Brun est originaire de Provence et son parcours professionnel serpente à travers la France, la Nouvelle-Zélande, Los Angeles et, juste avant les Maldives, un brise-glace de luxe en Antarctique, où son problème était de rendre le vin suffisamment chaud. « La cave à vin est toujours au centre d’un navire pour éviter de secouer les sédiments dans les bouteilles », explique-t-il alors que nous sommes assis sous des palmiers au bord de l’océan Indien.
Sur le navire brise-glace, sans doute pour des raisons d’espace, il était limité à 240 vins différents, mais dans ses cinq caves à Fushi, il possède environ 40 000 bouteilles de 1 100 vins différents – bien que la soif de ses invités soit telle qu’il en manque toujours. « Nous avons aussi des vins très spéciaux qui ne sont pas répertoriés. Nous ne voulons pas que les gens commandent des vins rares simplement parce qu’ils peuvent se les offrir. »

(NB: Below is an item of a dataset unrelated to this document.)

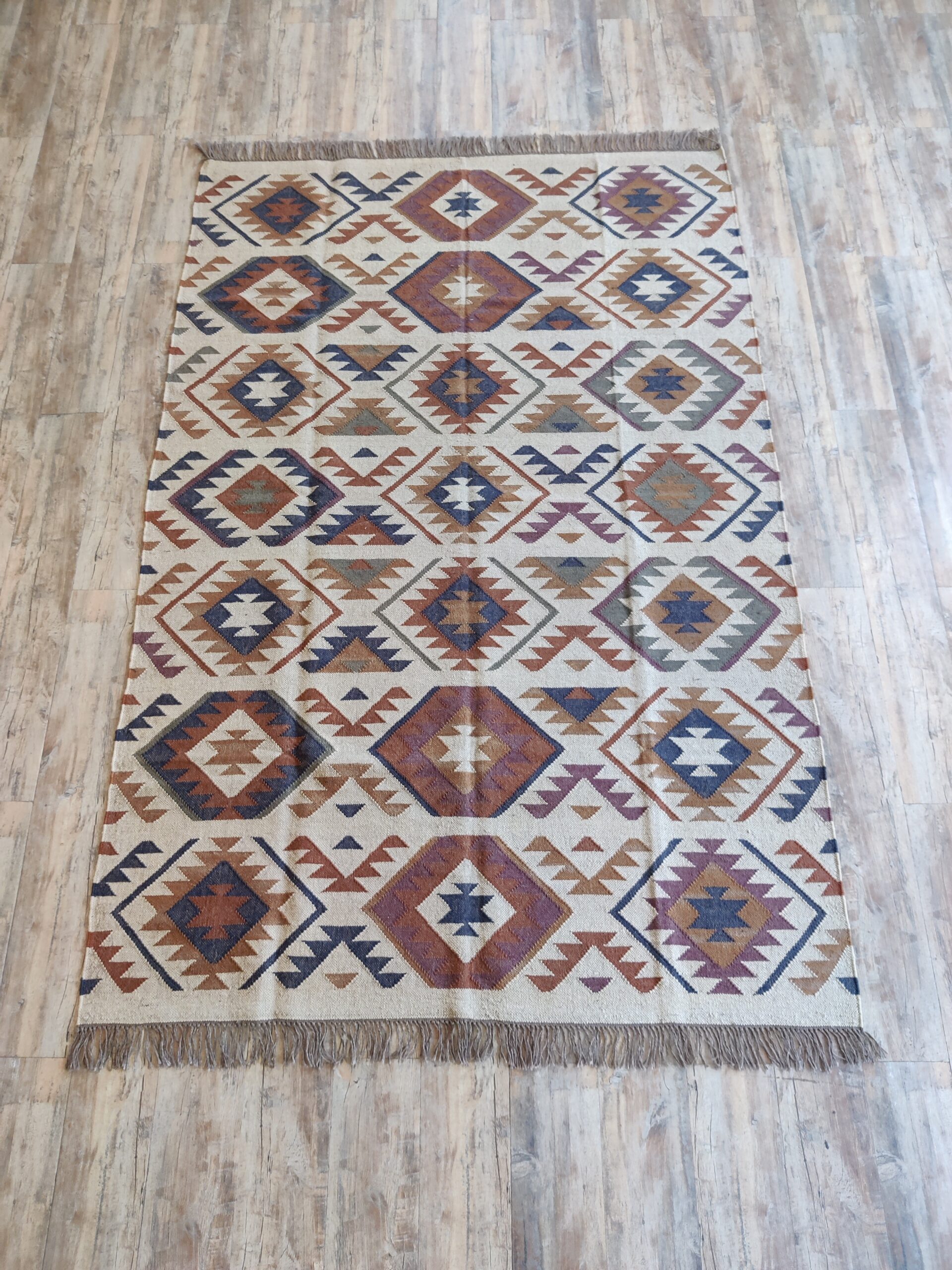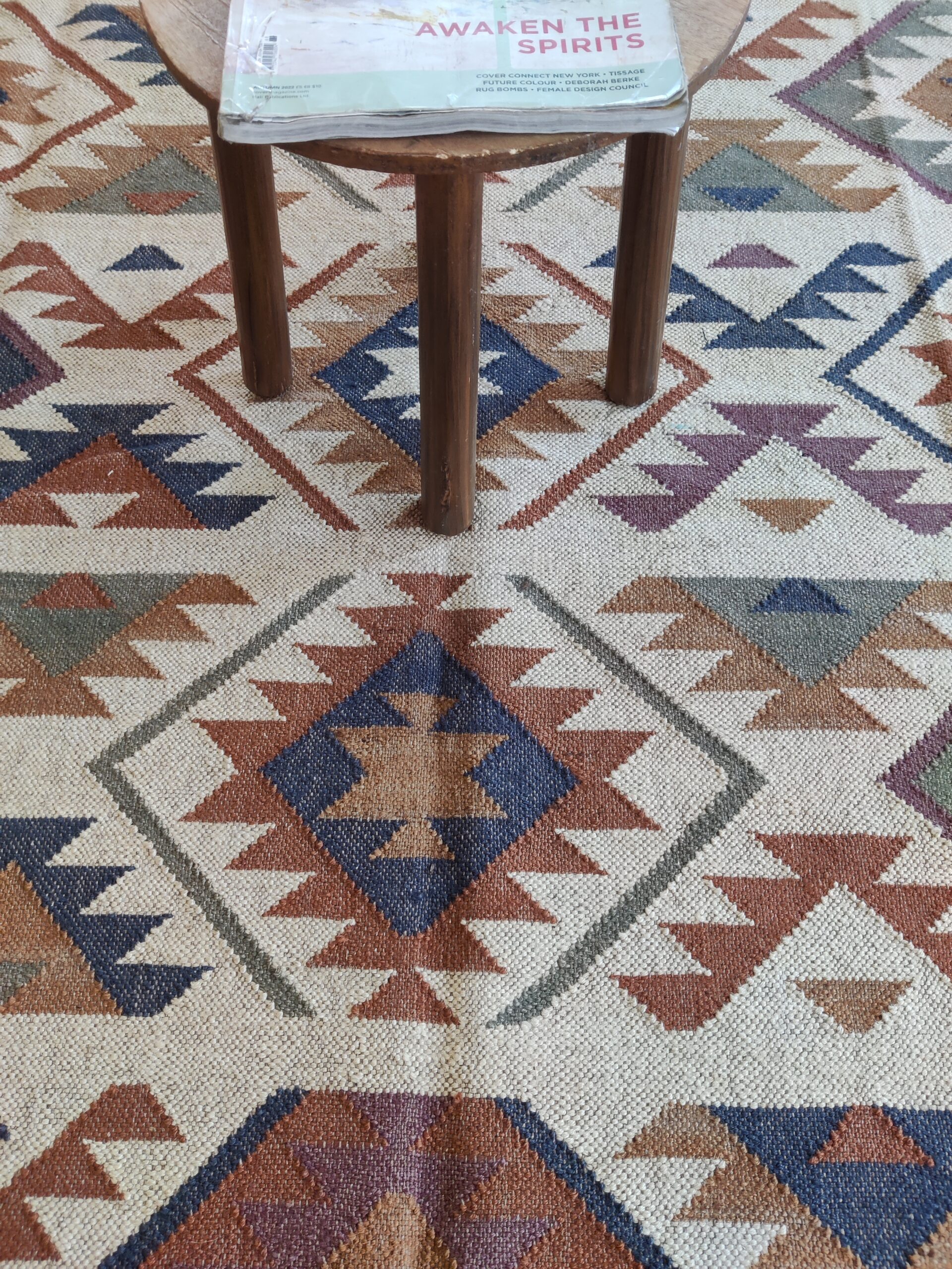 Vintage Colourful Designer Wool Jute Rug, Home Decor And Living Room, Bedroom Rug

Il est évident que j’ai dû avoir l’air terriblement gauche en scrutant les détails de la carte des vins à la recherche des (relatives) bonnes affaires. Brun affirme qu’il connaît si bien les goûts de ses clients et le contenu de ses caves que, dans 90 % des cas, il ne leur montre même pas la liste mais leur fait des suggestions précises. Certains clients viennent depuis 1995, date d’ouverture de l’établissement (il est arrivé en 2013).
Environ la moitié des clients sont des clients réguliers et beaucoup d’entre eux viennent plusieurs fois par an. Il regarde quels invités sont attendus et commande ou met de côté des vins spécifiques en conséquence. « Ensuite, je peux leur constituer une petite cave et l’envoyer dans leur villa pour l’apéritif ou le déjeuner. »
J’ai dit qu’il avait l’air d’avoir besoin d’un programme informatique pour faire tout ça, mais non. « Tout est là », a-t-il dit avec fierté, en se tapant la tête. « Quand je regarde chaque matin ce qui a été vendu la veille, je peux vous dire qui a bu quoi. » (Moins de 200 dollars ? Ce radin d’écrivain du vin sans doute.)
Avec 30 nationalités différentes en visite, Brun doit rester à l’affût des préférences et des budgets variables. Selon lui, « les Russes ne dépensent rien ou tout, comme les Chinois. Certains Britanniques dépensent maintenant une fortune ». (Un indice économique entre les Maldives et le Royaume-Uni ?) De nombreuses familles ont apparemment fermé les portes de la station. Et, « beaucoup de Russes ont annulé en avril ».
Les Maldives sont les plus proches du Sri Lanka et de l’Inde, et la plupart des plats qui y sont servis sont généreusement épicés.